Finding out what people really are thinking can be liberating -- and a little frightening. After six weeks of hearing the same handful of pundits, elected officials and angry citizens, the staffs of KXLY and The Inlander decided it was time to hear what the city as a whole thought about Jim West. So we no longer have to speculate on what his actual level of support is -- according to this poll, he still has about 30 percent of the people behind him.
But polling can also tell you things that make you worry -- like the fact that 13 percent of the citizens of Spokane say they were not aware of the accusations against they mayor prior to getting a call from our pollsters. Yikes!
To do the job the right way, we hired Strategic Research Associates, a Spokane-based independent polling firm affiliated with the KXLY Broadcast Group.

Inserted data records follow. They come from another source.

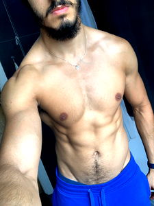A fitness model in a blue sweatshirt and shorts, shirtless with six-pack abs, striking an impressive pose for Onlyfans. #Fitness #Model #SixPack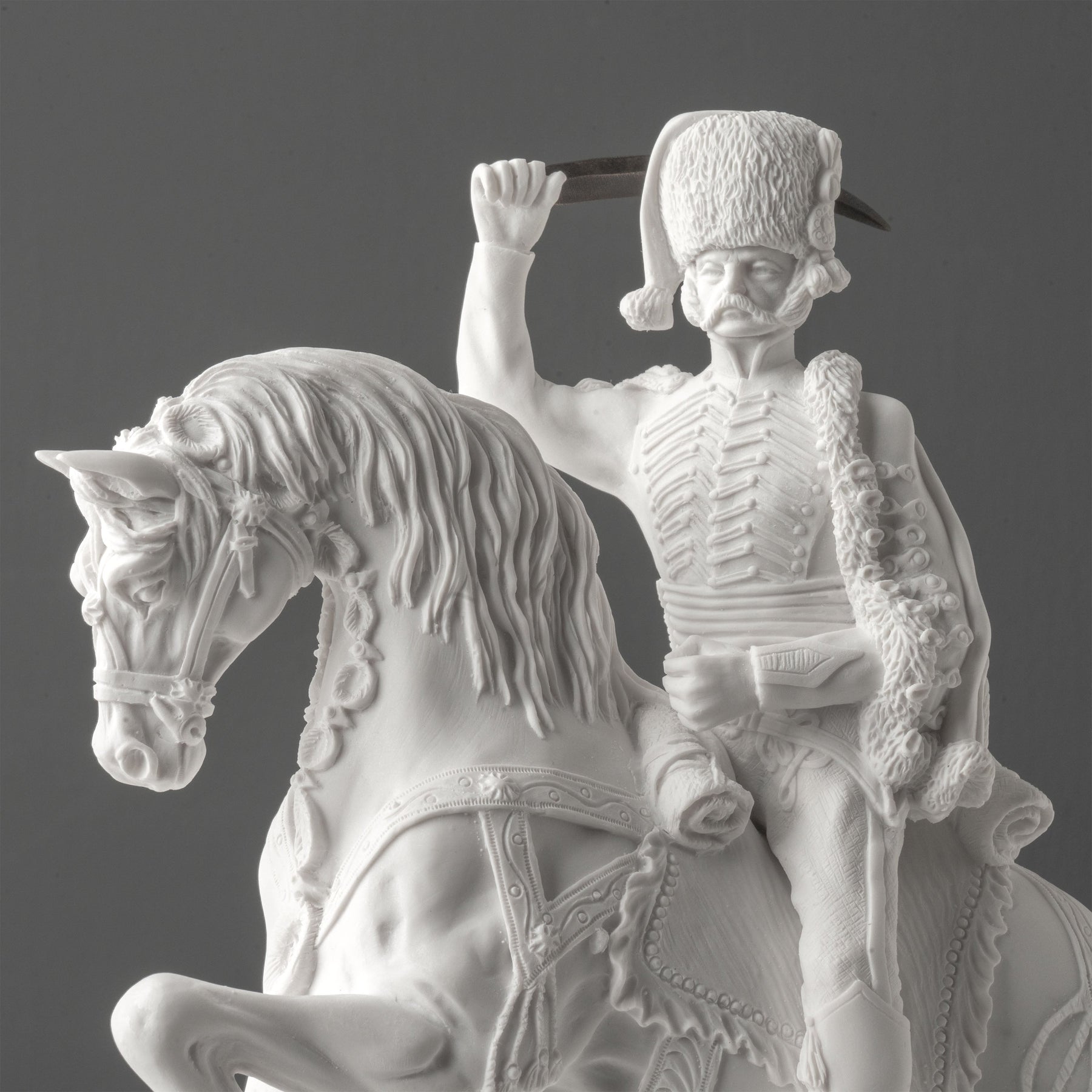 Esta representación escultórica captura a un húsar en pleno mando, sable en alto y montado sobre un caballo encabritado, transmitiendo autoridad, movimiento y el estrecho vínculo entre jinete y montura.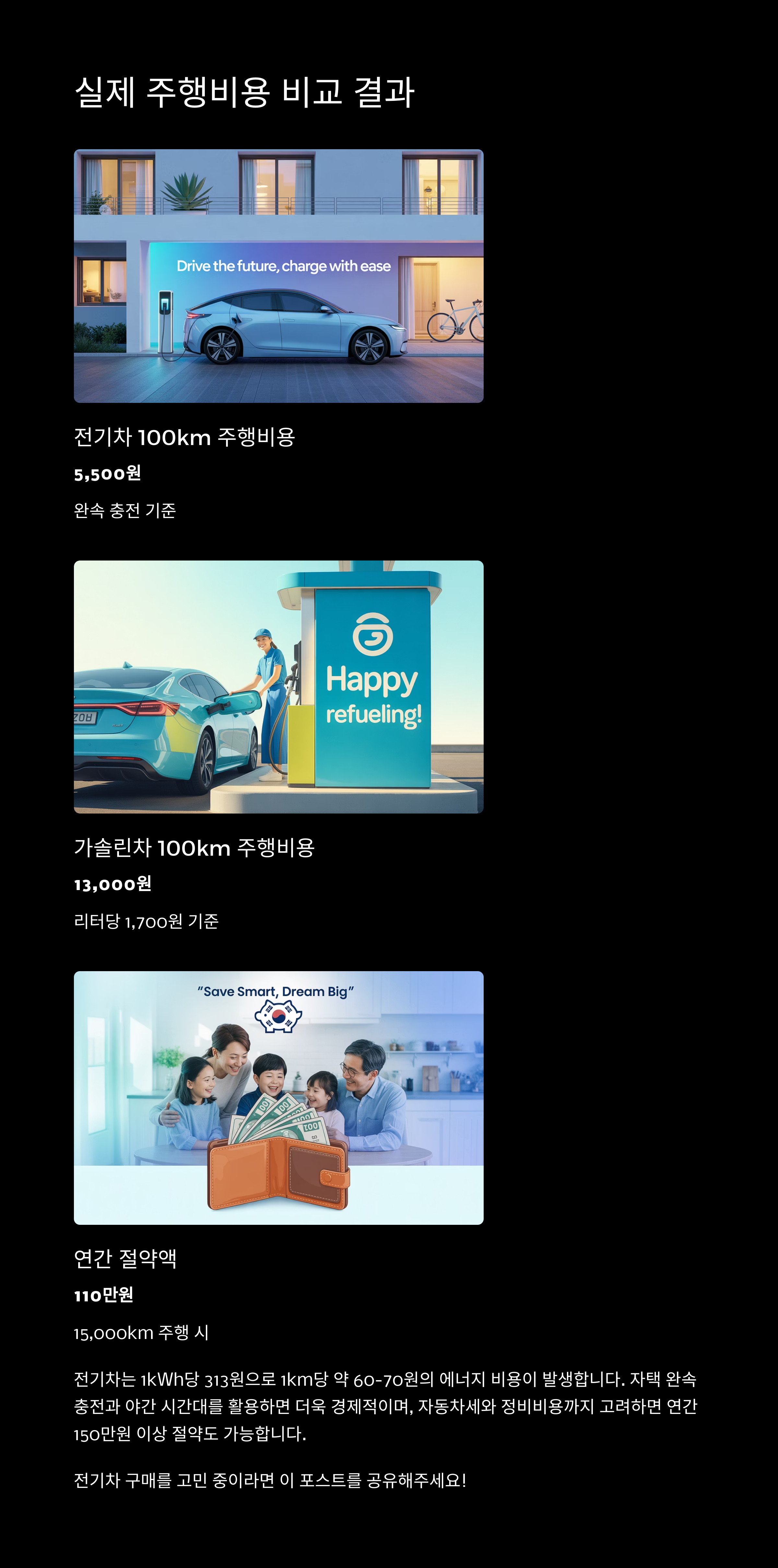 이는 전기차의 가장 큰 경제적 장점이라 할 수 있습니다.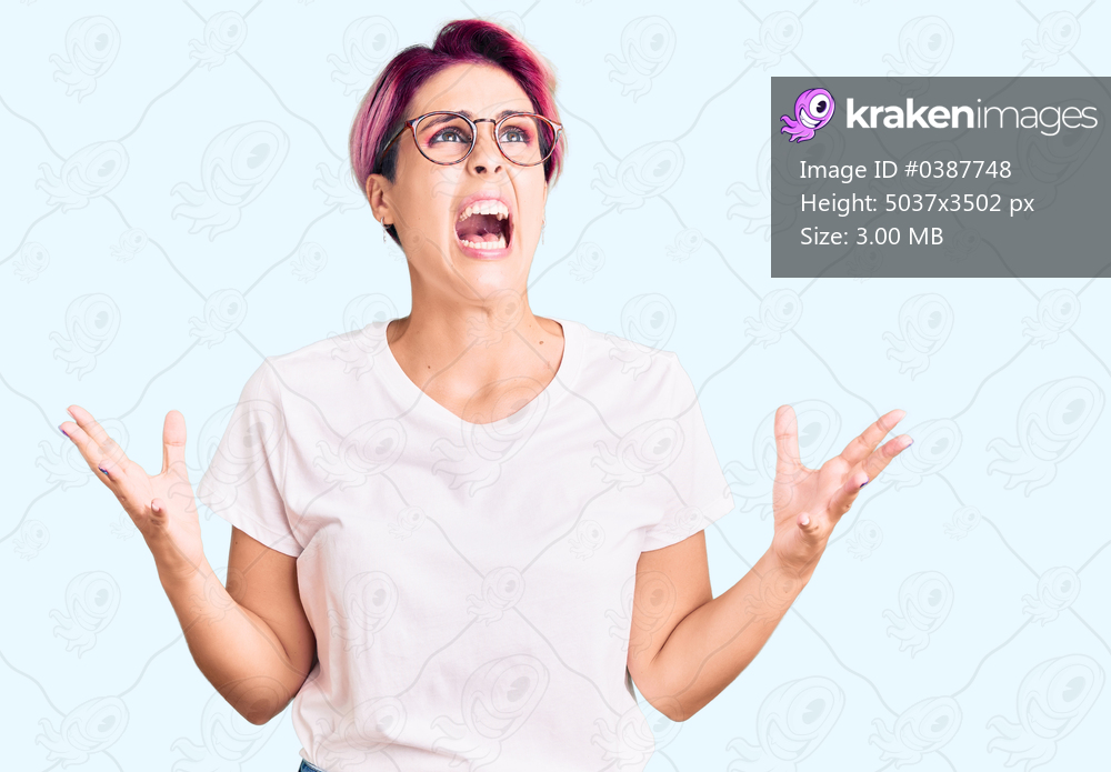 Young beautiful woman with pink hair wearing casual clothes and glasses crazy and mad shouting and yelling with aggressive expression and arms raised. frustration concept. - Kraken Images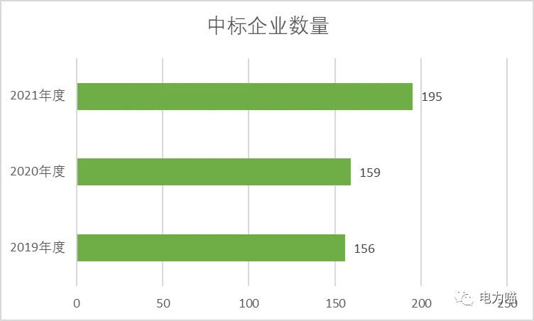 从这三年中标企业数量来看,市场竞争十分激烈,在2021年度,中标企业数量仍旧在大幅增加。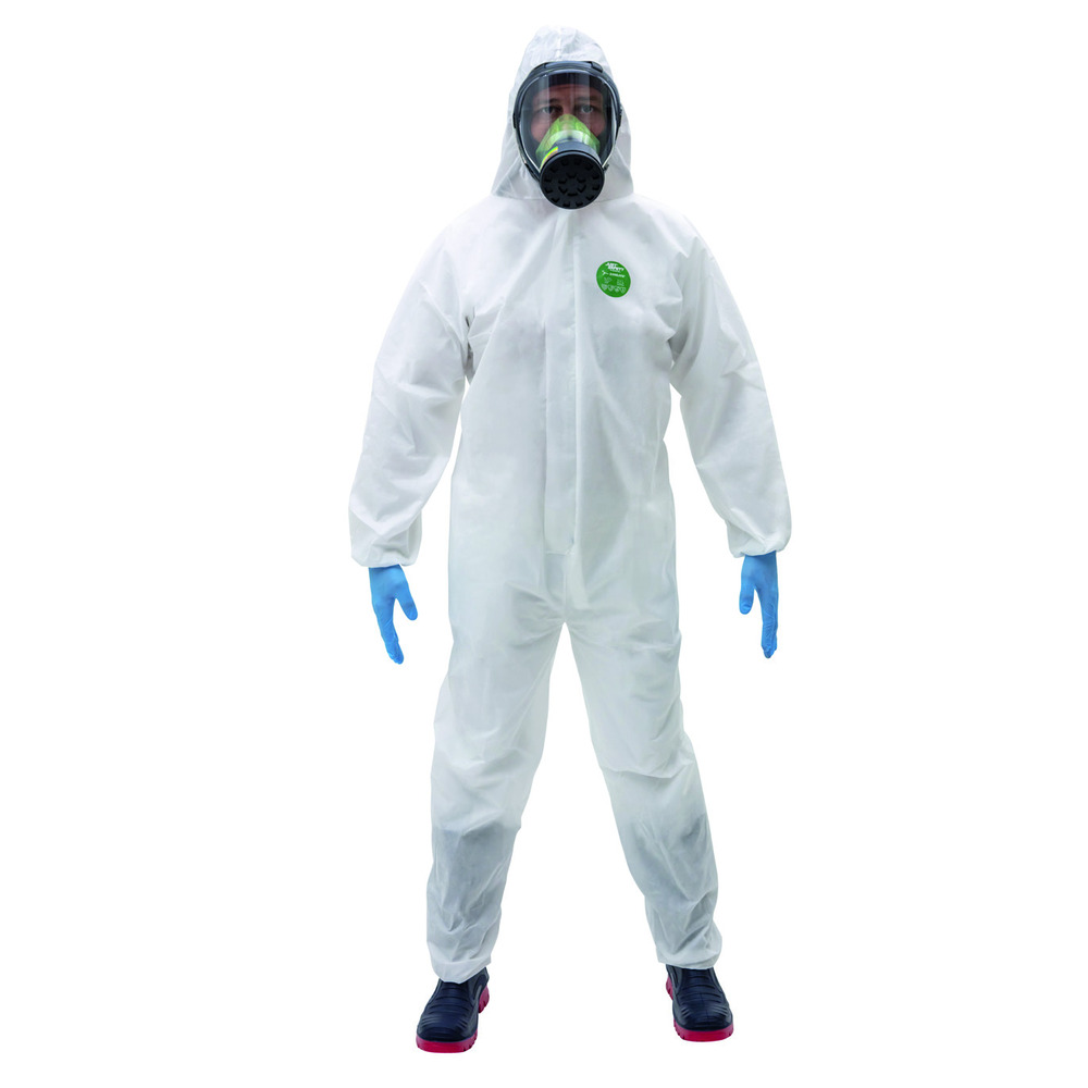 Tuta intera monouso con cappuccio, apertura frontale con zip coperta da patta, elastici alle caviglie, sul cappuccio, alla vita ed ai polsi e cuciture saldate.

SRA Director Steven Dean says his firm took special care to make sure the sample was not only large enough (600 City of Spokane residents) to offer a low margin of error (+/-- 4 percent), but that it was also constructed to mirror Spokane. The sample was engineered to reflect the actual breakdown of citizens by age, gender, location within the city and political persuasion. Throughout this section, you'll hear comments from a handful of the 600 people who were randomly selected to be polled by SRA.
Dean says that waiting for the dust to settle on the controversy has likely made this poll more accurate than any sampling taken just a few days after the story broke.
"People have had a chance to consume some the of the information about the controversy. It's not a shock any more," Dean says. "Because we waited, it allowed the mayor to respond, so there's been time for these charges to be evaluated."
Dean says that when you dig a little deeper into the numbers, some interesting trends emerge. We asked people to identify how religious they view themselves. Since homosexuality has been framed by some as a religious issue, we wanted to see if there was a big correlation between those who are most religious and those who want West to resign. Dean says that no significant connection emerged: "This seems to be more of a leader issue than an issue regarding homosexuality," Dean says.
And Dean says even though West's strongest support remains among Republicans and those who voted for him as mayor, even there his support has eroded. For example, 60 percent of Republicans said their opinion of West has become less favorable than it was two months ago.
Overall, says Dean, if a candidate for public office pulled these numbers, he'd have to say it wasn't looking good.
"These numbers really say that the mayor's support is not very strong," says Dean, "and he is kind of running for office right now."